Ensuite mes pas me conduisirent non loin, passée la place de l’Odéon, vers la rue Mazarine, avec en son milieu l’ouverture d’une nouvelle galerie : la Galerie Thomé, d’André et Bérengère Sinthomez. Pour l’inauguration, initiée avec le sculpteur et correspondant de l’Institut Gualtiero Busato, deux personnalités de l’art : le peintre Patrick Devreux et le sculpteur et académicien Claude Abeille, ce dernier y ajoutant… des gravures ! Si Claude Abeille présente des bronzes évocateurs sans doute de personnages en interrogation sur le réel, sous des formes aux élancements torturés et empreints d’une grande intériorisation, ses burins expriment picturalement une même force, évoquant dans leur état d’être ici « L’arpenteur », là « Le professeur », ou encore, ailleurs, un « Piano ». Une relation plastique symbiotique entre les trois et deux dimensions. Cette ouverture à la gravure, nouvelle dans l’esprit des galeristes, a trouvé un prolongement judicieux et remarquable dans l’invitation d’une troisième personnalité : Claude-Jean Darmon, correspondant de l’Institut, section gravure, et président de la gravure du Salon d’automne à Paris.

« L’Arpenteur »
Claude Abeille
Burin

Pour donner une vision très ouverte sur les « manières » de la gravure, Claude-Jean Darmon, orfèvre de la pointe sèche, – dont il tire élégamment une quintessence de vibrations subtiles -, s’était entouré de graveurs notoires, comme Yvonne Alexieff, avec ses évocations poétiques de la nature, mises en scène à l’eau-forte, au vernis mou, à l’aquatinte ou encore à la manière noire ; comme Carlos Lopez, nouveau président de l’association « La Taille et le Crayon », et qui, à l’eau-forte et sur Chine collé, traduit de belles transpositions de visions perçues de la baie d’un train en marche ; comme le bosniaque Safet Zec, brossant à l’eau-forte ou au vernis mou, rehaussés à la pointe sèche, des mains expressives, faites pour le travail ou la prière.

« Deux mains »
Zafet Zec
Vernis mou et pointe-sèche

Sans oublier, pour lui, au sous-sol voûté, et voisinant avec les œuvres d’Abeille, une grande gravure intitulée « Etreinte ». Au final un ensemble de treize gravures de qualité, pour celles en cimaises, offertes au regard du public.
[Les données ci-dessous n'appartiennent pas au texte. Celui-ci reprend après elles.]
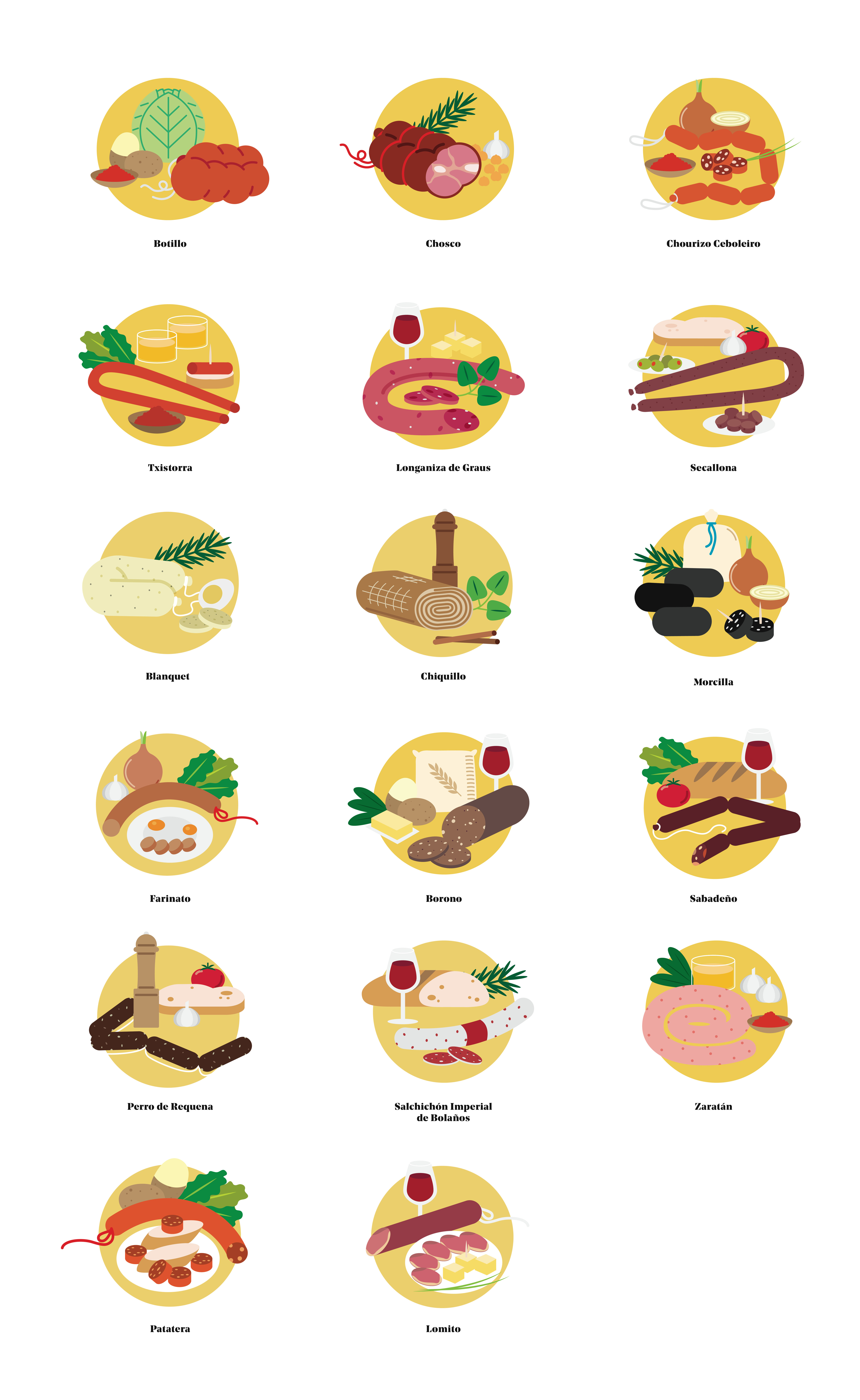 Illustrated map of the main sausage types in the regions of Spain.

Encore merci à Claude-Jean Darmon pour le choix judicieux. Et, il est prévisible que, pour ses prochaines expositions, André Sinthomez ne se privera pas de joindre aux arts plastiques des « estampiers ».

Gérard Robin

Six ans de gravure

Jullien-Clément
Rétropective de six ans de gravure
24 août – 4 septembre 2018
Orangerie du Sénat, Paris.

Située sur la partie ouest du jardin du Luxembourg s’ouvre l’Orangerie du Sénat commandée par la régente Marie de Médicis, alors veuve de Henri IV,  lors de l’érection du Palais du Luxembourg, aujourd’hui siège du Sénat. Plusieurs orangeries se succédèrent au fil du temps. Le bâtiment présent, qui date de 1839, abrite aujourd’hui chaque hiver, sous d’amples verrières, plus de 200 plantes exotiques. L’été, celles-ci retrouvant place dans le jardin, le lieu accueille des expositions temporaires d’art contemporain, une initiative datant du XVIIIe siècle. Aucune lumière artificielle à l’intérieur pour éclairer les œuvres, seule la lumière naturelle, animée par le passage des nuages devant le soleil, donne une clarté environnante homogène des plus agréables.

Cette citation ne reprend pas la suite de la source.